══ Source information

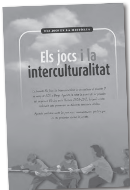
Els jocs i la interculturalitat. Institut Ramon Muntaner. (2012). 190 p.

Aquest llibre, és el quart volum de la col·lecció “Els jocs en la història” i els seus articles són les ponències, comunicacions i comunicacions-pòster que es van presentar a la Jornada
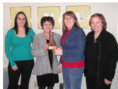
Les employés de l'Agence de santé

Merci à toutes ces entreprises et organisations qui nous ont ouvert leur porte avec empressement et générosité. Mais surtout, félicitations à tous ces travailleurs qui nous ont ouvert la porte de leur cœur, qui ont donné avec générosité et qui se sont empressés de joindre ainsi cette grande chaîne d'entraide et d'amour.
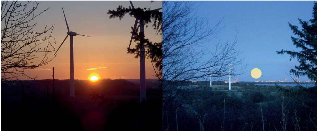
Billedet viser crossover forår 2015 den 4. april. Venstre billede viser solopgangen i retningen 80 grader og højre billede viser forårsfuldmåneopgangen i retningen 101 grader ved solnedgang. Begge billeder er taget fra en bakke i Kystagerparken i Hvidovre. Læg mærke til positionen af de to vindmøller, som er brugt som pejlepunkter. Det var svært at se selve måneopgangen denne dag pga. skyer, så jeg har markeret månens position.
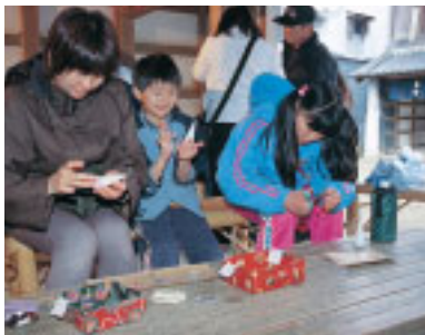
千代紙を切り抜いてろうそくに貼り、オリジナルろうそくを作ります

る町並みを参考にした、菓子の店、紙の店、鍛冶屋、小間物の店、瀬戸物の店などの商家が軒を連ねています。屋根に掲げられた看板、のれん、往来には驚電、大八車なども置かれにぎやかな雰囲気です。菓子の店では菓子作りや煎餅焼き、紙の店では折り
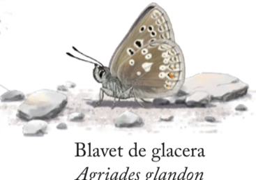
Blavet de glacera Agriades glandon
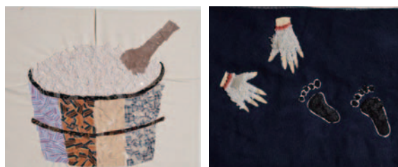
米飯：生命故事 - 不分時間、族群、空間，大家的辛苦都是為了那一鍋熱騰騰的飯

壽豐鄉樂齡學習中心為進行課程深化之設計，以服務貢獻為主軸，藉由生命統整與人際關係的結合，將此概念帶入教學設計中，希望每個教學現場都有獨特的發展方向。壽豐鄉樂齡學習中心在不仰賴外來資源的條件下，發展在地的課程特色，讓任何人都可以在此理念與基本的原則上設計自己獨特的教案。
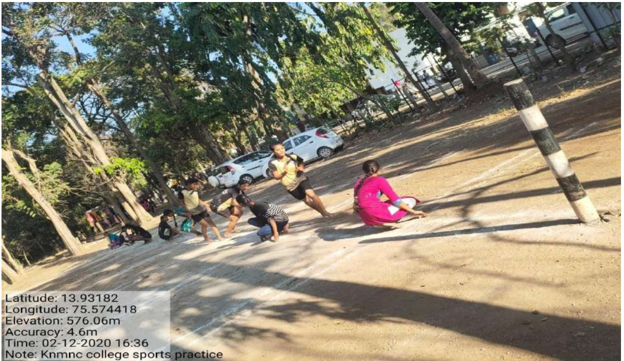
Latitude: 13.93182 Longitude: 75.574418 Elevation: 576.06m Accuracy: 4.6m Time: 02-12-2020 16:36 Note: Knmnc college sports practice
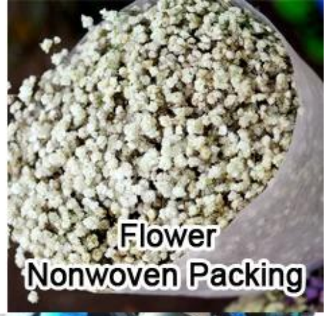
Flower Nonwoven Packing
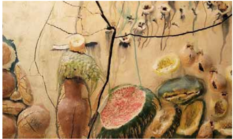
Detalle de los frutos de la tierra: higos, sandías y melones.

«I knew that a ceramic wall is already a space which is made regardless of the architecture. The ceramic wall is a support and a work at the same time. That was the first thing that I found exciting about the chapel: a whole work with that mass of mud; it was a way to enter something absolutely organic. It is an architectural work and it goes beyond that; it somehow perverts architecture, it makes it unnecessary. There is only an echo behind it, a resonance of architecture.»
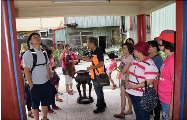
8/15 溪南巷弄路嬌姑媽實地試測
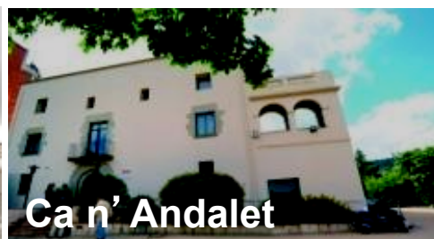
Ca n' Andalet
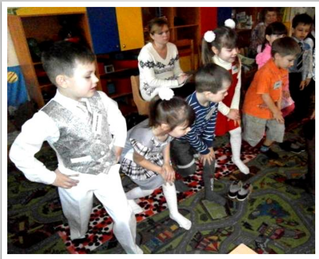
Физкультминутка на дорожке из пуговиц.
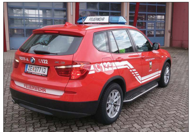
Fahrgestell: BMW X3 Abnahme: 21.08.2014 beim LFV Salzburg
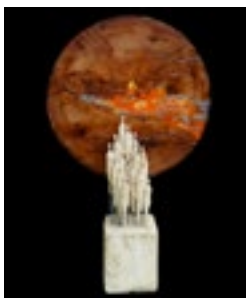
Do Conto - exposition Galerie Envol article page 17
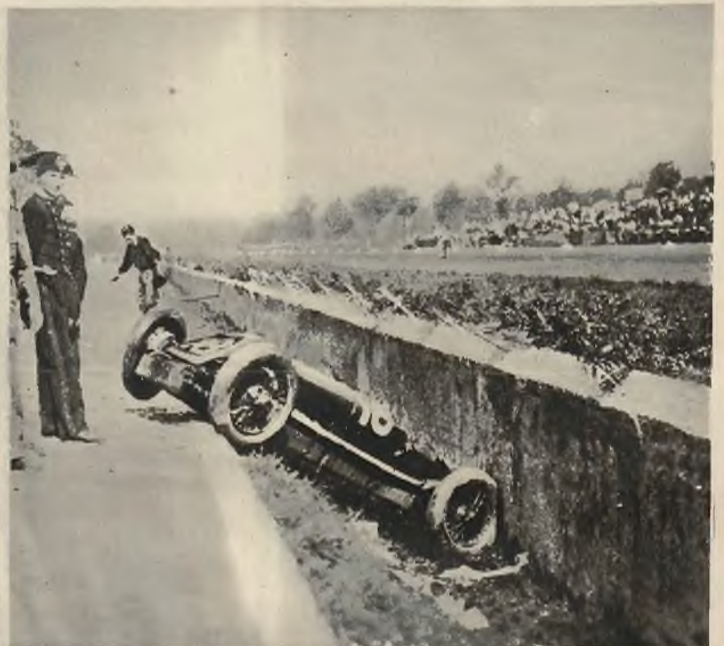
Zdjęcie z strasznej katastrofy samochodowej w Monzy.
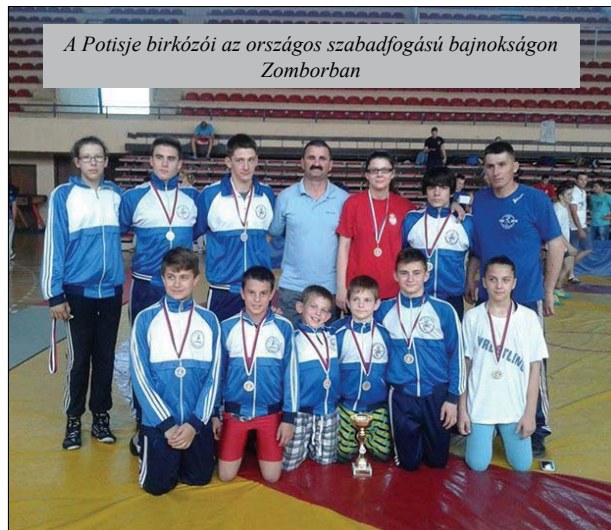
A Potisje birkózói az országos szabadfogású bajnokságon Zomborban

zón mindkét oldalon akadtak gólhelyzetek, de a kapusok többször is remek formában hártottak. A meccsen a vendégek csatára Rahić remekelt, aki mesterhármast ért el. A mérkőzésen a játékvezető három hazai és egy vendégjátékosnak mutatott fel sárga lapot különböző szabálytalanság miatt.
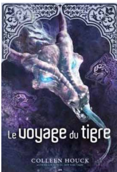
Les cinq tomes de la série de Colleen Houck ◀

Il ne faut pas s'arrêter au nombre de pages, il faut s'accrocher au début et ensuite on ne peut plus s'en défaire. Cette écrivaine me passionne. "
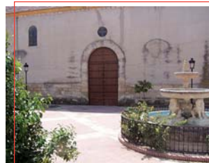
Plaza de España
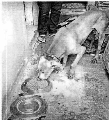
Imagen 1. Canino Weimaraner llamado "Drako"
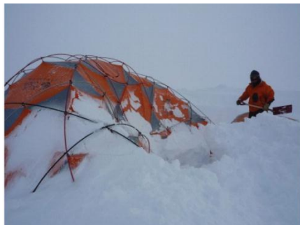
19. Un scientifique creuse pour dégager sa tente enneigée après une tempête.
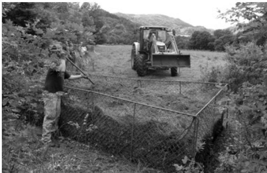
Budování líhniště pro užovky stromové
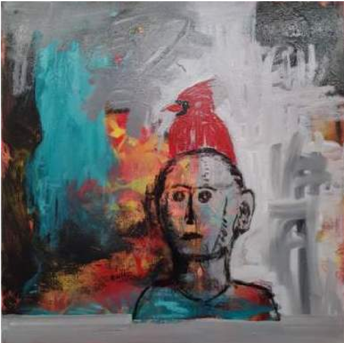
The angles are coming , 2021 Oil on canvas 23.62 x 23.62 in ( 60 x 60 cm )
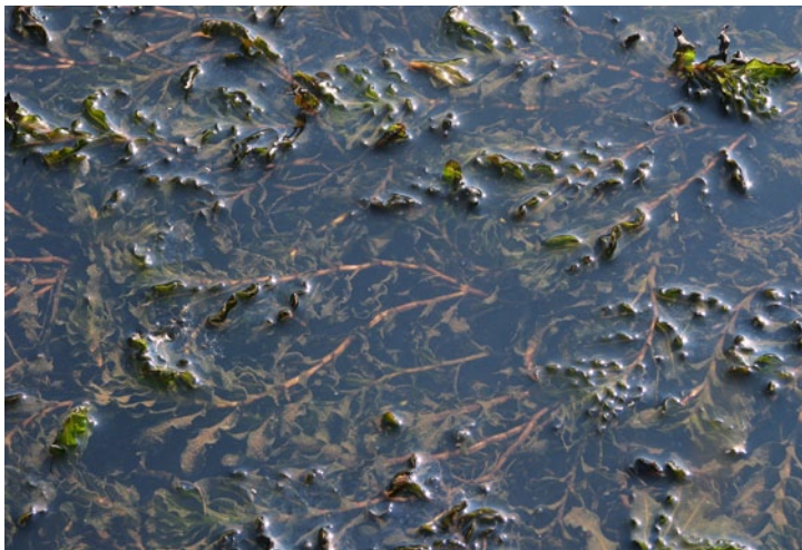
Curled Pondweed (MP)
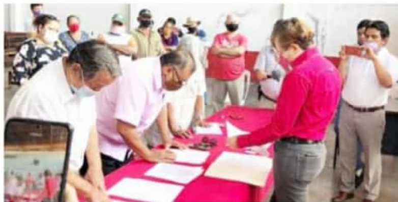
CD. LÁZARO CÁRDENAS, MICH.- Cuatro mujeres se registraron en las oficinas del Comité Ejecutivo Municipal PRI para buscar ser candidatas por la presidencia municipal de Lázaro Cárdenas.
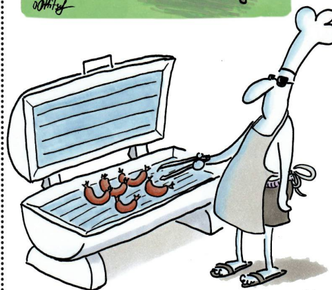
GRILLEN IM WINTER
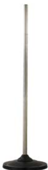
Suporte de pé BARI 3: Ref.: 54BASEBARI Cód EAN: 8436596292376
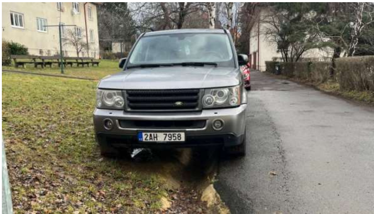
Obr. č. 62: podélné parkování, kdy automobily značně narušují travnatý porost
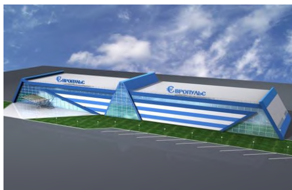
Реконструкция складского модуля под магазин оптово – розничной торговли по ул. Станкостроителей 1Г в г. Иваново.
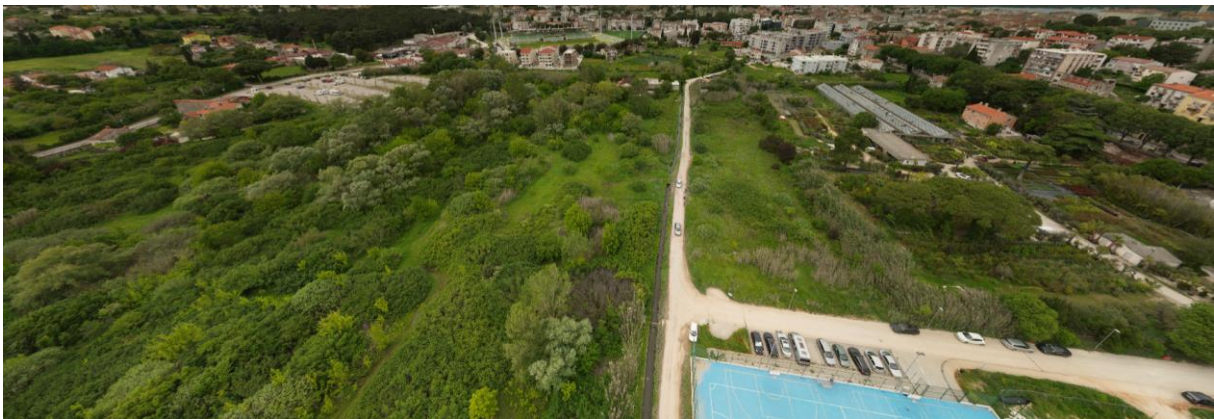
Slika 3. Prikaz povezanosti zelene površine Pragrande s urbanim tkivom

════

Task instructions:
What you give back must be the data above, reproduced exactly and free of pictures.

Solution to this exercise:
Els jocs i la interculturalitat. Institut Ramon Muntaner. (2012). 190 p.

Aquest llibre, és el quart volum de la col·lecció “Els jocs en la història” i els seus articles són les ponències, comunicacions i comunicacions-pòster que es van presentar a la Jornada
Les employés de l'Agence de santé

Merci à toutes ces entreprises et organisations qui nous ont ouvert leur porte avec empressement et générosité. Mais surtout, félicitations à tous ces travailleurs qui nous ont ouvert la porte de leur cœur, qui ont donné avec générosité et qui se sont empressés de joindre ainsi cette grande chaîne d'entraide et d'amour.
Billedet viser crossover forår 2015 den 4. april. Venstre billede viser solopgangen i retningen 80 grader og højre billede viser forårsfuldmåneopgangen i retningen 101 grader ved solnedgang. Begge billeder er taget fra en bakke i Kystagerparken i Hvidovre. Læg mærke til positionen af de to vindmøller, som er brugt som pejlepunkter. Det var svært at se selve måneopgangen denne dag pga. skyer, så jeg har markeret månens position.
千代紙を切り抜いてろうそくに貼り、オリジナルろうそくを作ります

る町並みを参考にした、菓子の店、紙の店、鍛冶屋、小間物の店、瀬戸物の店などの商家が軒を連ねています。屋根に掲げられた看板、のれん、往来には驚電、大八車なども置かれにぎやかな雰囲気です。菓子の店では菓子作りや煎餅焼き、紙の店では折り
Blavet de glacera Agriades glandon
米飯：生命故事 - 不分時間、族群、空間，大家的辛苦都是為了那一鍋熱騰騰的飯

壽豐鄉樂齡學習中心為進行課程深化之設計，以服務貢獻為主軸，藉由生命統整與人際關係的結合，將此概念帶入教學設計中，希望每個教學現場都有獨特的發展方向。壽豐鄉樂齡學習中心在不仰賴外來資源的條件下，發展在地的課程特色，讓任何人都可以在此理念與基本的原則上設計自己獨特的教案。
Latitude: 13.93182 Longitude: 75.574418 Elevation: 576.06m Accuracy: 4.6m Time: 02-12-2020 16:36 Note: Knmnc college sports practice
Flower Nonwoven Packing
Detalle de los frutos de la tierra: higos, sandías y melones.

«I knew that a ceramic wall is already a space which is made regardless of the architecture. The ceramic wall is a support and a work at the same time. That was the first thing that I found exciting about the chapel: a whole work with that mass of mud; it was a way to enter something absolutely organic. It is an architectural work and it goes beyond that; it somehow perverts architecture, it makes it unnecessary. There is only an echo behind it, a resonance of architecture.»
8/15 溪南巷弄路嬌姑媽實地試測
Ca n' Andalet
Физкультминутка на дорожке из пуговиц.
Fahrgestell: BMW X3 Abnahme: 21.08.2014 beim LFV Salzburg
Do Conto - exposition Galerie Envol article page 17
Zdjęcie z strasznej katastrofy samochodowej w Monzy.
A Potisje birkózói az országos szabadfogású bajnokságon Zomborban

zón mindkét oldalon akadtak gólhelyzetek, de a kapusok többször is remek formában hártottak. A meccsen a vendégek csatára Rahić remekelt, aki mesterhármast ért el. A mérkőzésen a játékvezető három hazai és egy vendégjátékosnak mutatott fel sárga lapot különböző szabálytalanság miatt.
Les cinq tomes de la série de Colleen Houck ◀

Il ne faut pas s'arrêter au nombre de pages, il faut s'accrocher au début et ensuite on ne peut plus s'en défaire. Cette écrivaine me passionne. "
Plaza de España
Imagen 1. Canino Weimaraner llamado "Drako"
19. Un scientifique creuse pour dégager sa tente enneigée après une tempête.
Budování líhniště pro užovky stromové
The angles are coming , 2021 Oil on canvas 23.62 x 23.62 in ( 60 x 60 cm )
Curled Pondweed (MP)
CD. LÁZARO CÁRDENAS, MICH.- Cuatro mujeres se registraron en las oficinas del Comité Ejecutivo Municipal PRI para buscar ser candidatas por la presidencia municipal de Lázaro Cárdenas.
GRILLEN IM WINTER
Suporte de pé BARI 3: Ref.: 54BASEBARI Cód EAN: 8436596292376
Obr. č. 62: podélné parkování, kdy automobily značně narušují travnatý porost
Реконструкция складского модуля под магазин оптово – розничной торговли по ул. Станкостроителей 1Г в г. Иваново.
Slika 3. Prikaz povezanosti zelene površine Pragrande s urbanim tkivom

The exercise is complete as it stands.